▸ **INPUT DATA**
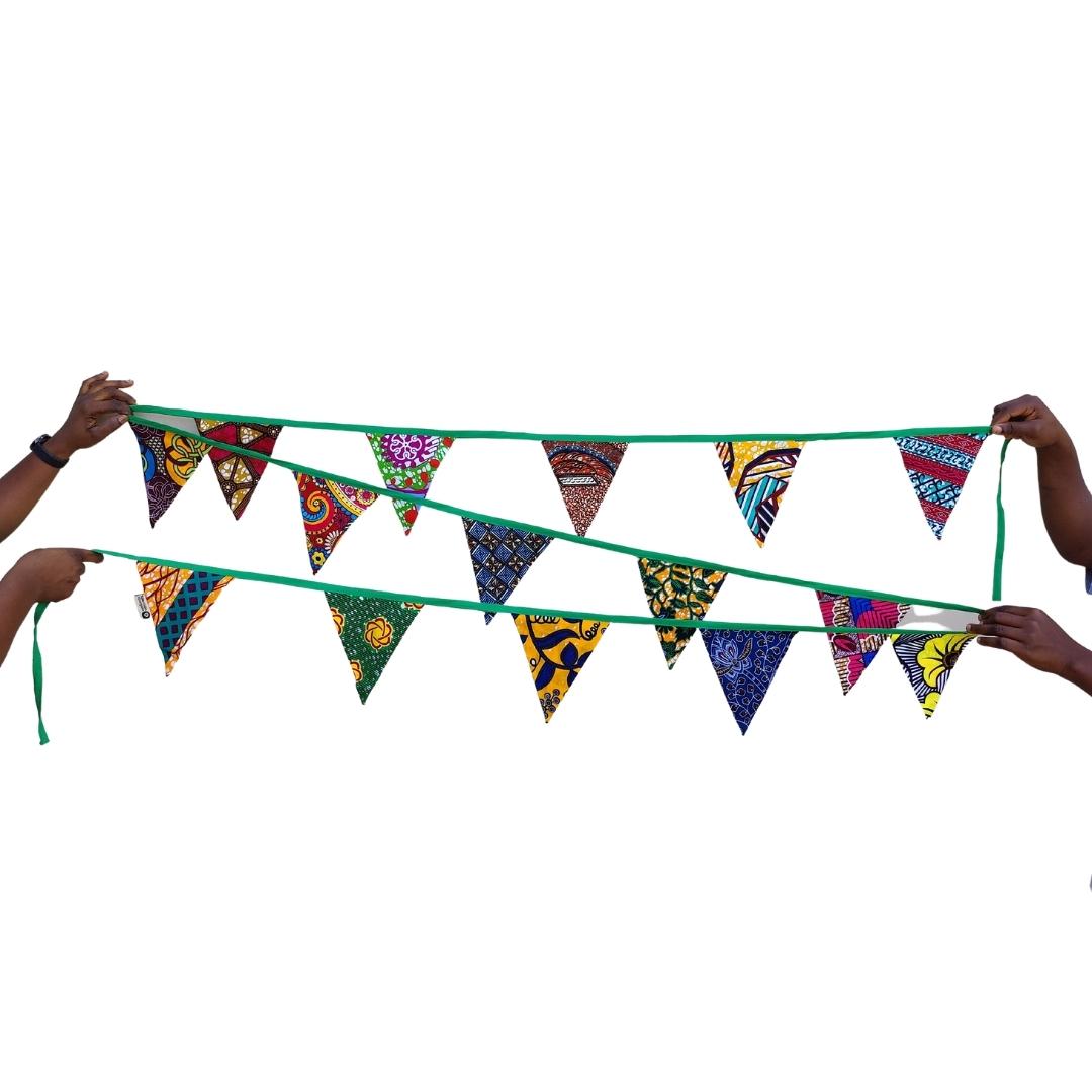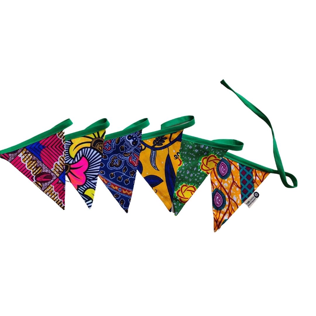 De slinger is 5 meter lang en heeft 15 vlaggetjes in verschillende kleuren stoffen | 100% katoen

...

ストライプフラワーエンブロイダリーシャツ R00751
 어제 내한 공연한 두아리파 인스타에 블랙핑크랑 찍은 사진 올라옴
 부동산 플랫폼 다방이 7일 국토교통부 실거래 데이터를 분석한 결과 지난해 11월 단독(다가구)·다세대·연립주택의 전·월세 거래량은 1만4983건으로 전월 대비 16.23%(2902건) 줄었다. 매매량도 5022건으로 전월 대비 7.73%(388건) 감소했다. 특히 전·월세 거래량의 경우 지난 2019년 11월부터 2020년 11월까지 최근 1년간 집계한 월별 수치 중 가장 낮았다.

* * *

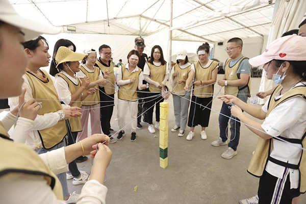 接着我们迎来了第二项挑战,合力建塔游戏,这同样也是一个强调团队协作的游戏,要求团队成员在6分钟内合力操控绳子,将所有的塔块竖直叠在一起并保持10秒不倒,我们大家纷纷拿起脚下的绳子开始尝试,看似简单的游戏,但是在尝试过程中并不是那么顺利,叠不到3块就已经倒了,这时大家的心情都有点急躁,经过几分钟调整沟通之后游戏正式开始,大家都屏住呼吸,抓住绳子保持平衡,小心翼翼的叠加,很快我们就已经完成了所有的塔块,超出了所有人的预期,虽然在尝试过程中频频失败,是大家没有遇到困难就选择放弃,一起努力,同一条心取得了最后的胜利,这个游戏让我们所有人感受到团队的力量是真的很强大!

▸ **AIM OF THE EXERCISE**
Wherever the line holding "ストライプフラワーエンブロイダリーシャツ R00751" falls in the entries above, copy exactly from it through the line holding "부동산 플랫폼 다방이", inclusive, and add nothing.

▸ **TASK SOLUTION**
ストライプフラワーエンブロイダリーシャツ R00751
 어제 내한 공연한 두아리파 인스타에 블랙핑크랑 찍은 사진 올라옴
 부동산 플랫폼 다방이 7일 국토교통부 실거래 데이터를 분석한 결과 지난해 11월 단독(다가구)·다세대·연립주택의 전·월세 거래량은 1만4983건으로 전월 대비 16.23%(2902건) 줄었다. 매매량도 5022건으로 전월 대비 7.73%(388건) 감소했다. 특히 전·월세 거래량의 경우 지난 2019년 11월부터 2020년 11월까지 최근 1년간 집계한 월별 수치 중 가장 낮았다.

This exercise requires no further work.